• _Task directions_:
Using the entries below, write out the line with "Descrizione: Bracciale con", the line with "中国式管理专委会主任委员、中", and every line in between, exactly as each is written.

• _Recorded data_:
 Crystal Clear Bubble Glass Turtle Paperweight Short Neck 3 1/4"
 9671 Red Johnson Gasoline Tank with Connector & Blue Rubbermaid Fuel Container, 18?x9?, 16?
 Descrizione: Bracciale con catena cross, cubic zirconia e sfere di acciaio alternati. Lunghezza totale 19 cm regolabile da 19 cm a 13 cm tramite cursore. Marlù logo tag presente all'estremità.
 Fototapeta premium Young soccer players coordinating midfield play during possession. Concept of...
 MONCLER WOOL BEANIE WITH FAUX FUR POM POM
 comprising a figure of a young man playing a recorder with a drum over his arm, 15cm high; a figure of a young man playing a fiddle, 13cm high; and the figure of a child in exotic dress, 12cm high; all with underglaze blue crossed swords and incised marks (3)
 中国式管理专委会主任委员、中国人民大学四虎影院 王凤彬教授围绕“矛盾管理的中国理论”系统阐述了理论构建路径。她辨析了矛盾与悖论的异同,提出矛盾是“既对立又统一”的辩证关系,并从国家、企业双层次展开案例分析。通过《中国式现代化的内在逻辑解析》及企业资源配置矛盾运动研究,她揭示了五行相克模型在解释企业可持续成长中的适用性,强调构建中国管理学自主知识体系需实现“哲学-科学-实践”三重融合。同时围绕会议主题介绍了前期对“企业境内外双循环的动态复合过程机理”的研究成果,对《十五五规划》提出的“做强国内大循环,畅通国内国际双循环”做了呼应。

* * *

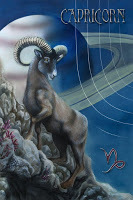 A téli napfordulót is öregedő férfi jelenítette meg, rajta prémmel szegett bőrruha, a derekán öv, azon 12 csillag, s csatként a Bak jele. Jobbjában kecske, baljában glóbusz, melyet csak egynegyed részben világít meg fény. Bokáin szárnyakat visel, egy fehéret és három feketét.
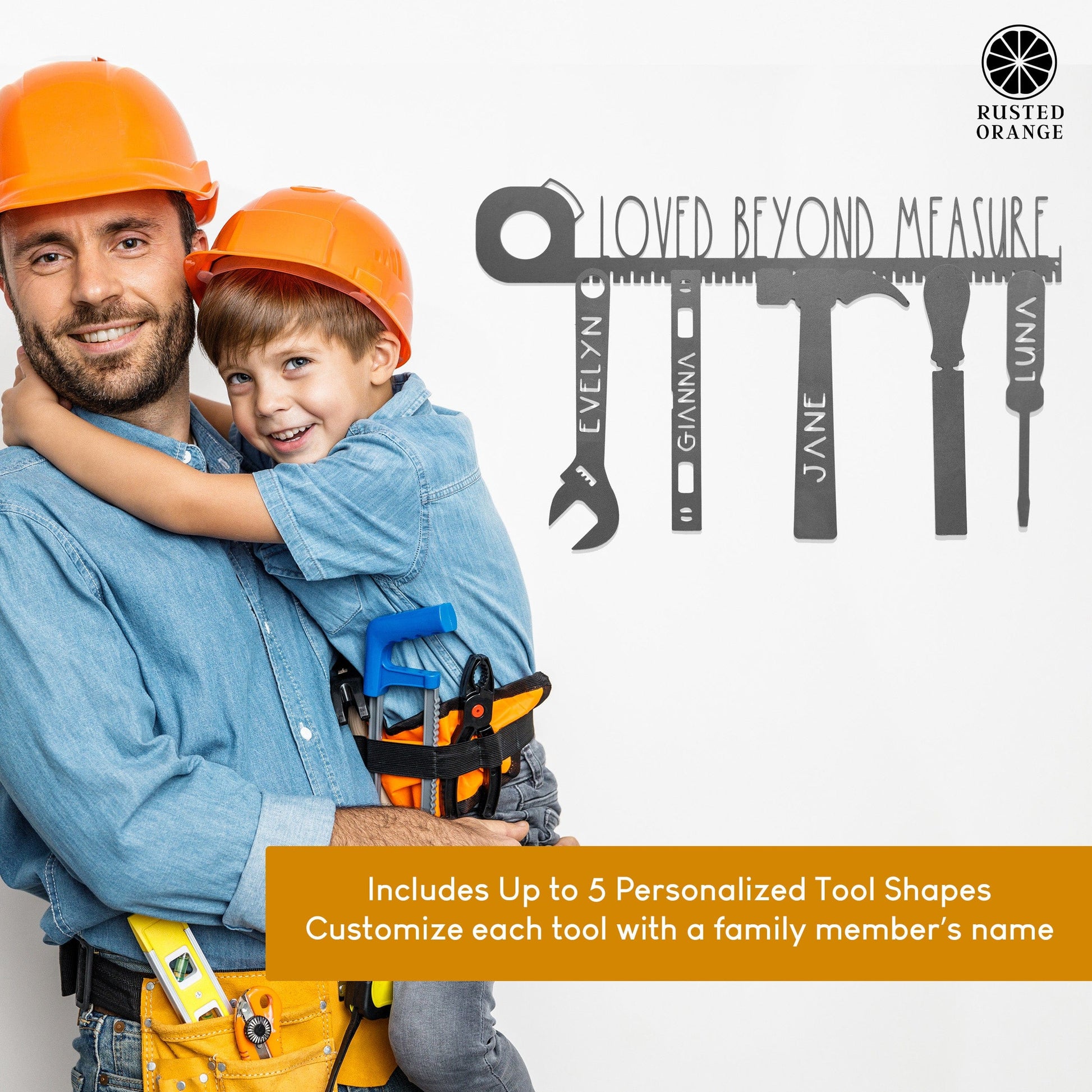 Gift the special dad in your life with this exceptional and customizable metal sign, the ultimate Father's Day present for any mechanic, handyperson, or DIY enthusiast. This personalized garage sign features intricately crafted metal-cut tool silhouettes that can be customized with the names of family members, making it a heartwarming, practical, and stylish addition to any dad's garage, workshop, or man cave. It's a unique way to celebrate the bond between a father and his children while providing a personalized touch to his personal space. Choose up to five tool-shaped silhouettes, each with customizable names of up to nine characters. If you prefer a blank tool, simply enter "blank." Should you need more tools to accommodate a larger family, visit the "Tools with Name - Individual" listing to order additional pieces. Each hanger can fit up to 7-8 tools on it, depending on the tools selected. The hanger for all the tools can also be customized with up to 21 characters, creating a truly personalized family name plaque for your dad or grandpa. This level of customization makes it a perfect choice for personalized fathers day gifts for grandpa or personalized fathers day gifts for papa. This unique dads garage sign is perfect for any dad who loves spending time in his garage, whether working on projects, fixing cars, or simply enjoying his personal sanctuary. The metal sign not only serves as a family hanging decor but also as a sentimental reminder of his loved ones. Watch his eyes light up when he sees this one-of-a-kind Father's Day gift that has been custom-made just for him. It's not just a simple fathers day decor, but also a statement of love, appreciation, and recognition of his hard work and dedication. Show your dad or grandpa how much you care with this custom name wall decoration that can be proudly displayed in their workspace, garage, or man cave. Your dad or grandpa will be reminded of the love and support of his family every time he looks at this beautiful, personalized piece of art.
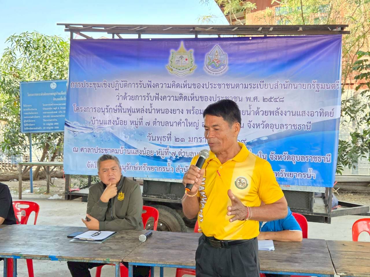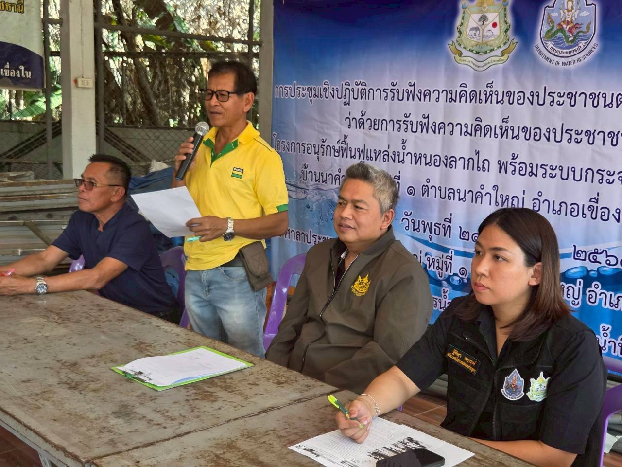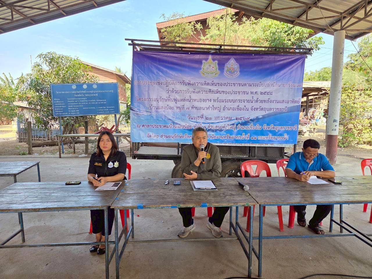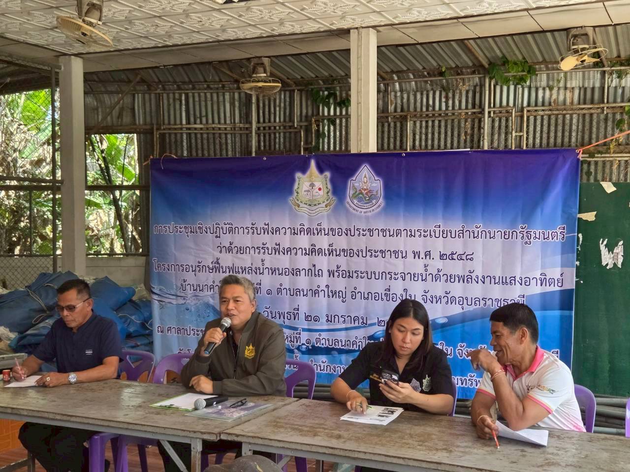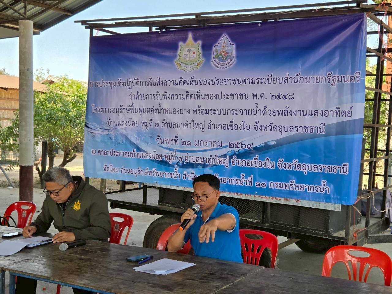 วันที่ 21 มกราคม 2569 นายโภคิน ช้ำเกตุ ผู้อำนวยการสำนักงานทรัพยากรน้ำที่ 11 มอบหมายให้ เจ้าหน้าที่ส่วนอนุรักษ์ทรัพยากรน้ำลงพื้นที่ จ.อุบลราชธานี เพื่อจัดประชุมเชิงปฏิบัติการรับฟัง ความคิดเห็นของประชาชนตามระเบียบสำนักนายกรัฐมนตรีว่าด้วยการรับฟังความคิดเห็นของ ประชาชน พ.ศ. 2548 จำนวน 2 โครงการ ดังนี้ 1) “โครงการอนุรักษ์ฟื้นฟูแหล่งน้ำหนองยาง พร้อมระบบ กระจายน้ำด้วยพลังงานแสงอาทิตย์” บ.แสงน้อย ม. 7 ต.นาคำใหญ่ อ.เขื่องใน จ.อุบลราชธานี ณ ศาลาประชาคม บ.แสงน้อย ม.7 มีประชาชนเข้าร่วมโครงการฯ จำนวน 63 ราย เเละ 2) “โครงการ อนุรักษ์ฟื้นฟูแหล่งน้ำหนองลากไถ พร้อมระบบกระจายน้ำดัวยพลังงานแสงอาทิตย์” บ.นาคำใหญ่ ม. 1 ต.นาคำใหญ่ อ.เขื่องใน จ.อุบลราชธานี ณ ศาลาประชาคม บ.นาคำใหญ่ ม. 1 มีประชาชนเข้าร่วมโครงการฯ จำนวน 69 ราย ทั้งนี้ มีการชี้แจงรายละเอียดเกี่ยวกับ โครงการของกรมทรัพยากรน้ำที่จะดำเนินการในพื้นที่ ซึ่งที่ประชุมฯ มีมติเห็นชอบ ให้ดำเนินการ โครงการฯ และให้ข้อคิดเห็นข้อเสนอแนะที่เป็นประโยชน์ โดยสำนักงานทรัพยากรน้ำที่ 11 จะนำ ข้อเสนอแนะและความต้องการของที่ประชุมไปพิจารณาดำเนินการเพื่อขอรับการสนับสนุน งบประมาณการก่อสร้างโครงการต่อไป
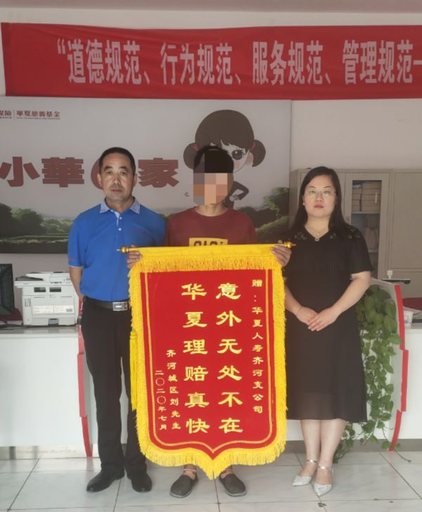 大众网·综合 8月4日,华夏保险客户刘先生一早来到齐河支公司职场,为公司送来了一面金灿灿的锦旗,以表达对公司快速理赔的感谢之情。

• _Response box_:
 Descrizione: Bracciale con catena cross, cubic zirconia e sfere di acciaio alternati. Lunghezza totale 19 cm regolabile da 19 cm a 13 cm tramite cursore. Marlù logo tag presente all'estremità.
 Fototapeta premium Young soccer players coordinating midfield play during possession. Concept of...
 MONCLER WOOL BEANIE WITH FAUX FUR POM POM
 comprising a figure of a young man playing a recorder with a drum over his arm, 15cm high; a figure of a young man playing a fiddle, 13cm high; and the figure of a child in exotic dress, 12cm high; all with underglaze blue crossed swords and incised marks (3)
 中国式管理专委会主任委员、中国人民大学四虎影院 王凤彬教授围绕“矛盾管理的中国理论”系统阐述了理论构建路径。她辨析了矛盾与悖论的异同,提出矛盾是“既对立又统一”的辩证关系,并从国家、企业双层次展开案例分析。通过《中国式现代化的内在逻辑解析》及企业资源配置矛盾运动研究,她揭示了五行相克模型在解释企业可持续成长中的适用性,强调构建中国管理学自主知识体系需实现“哲学-科学-实践”三重融合。同时围绕会议主题介绍了前期对“企业境内外双循环的动态复合过程机理”的研究成果,对《十五五规划》提出的“做强国内大循环,畅通国内国际双循环”做了呼应。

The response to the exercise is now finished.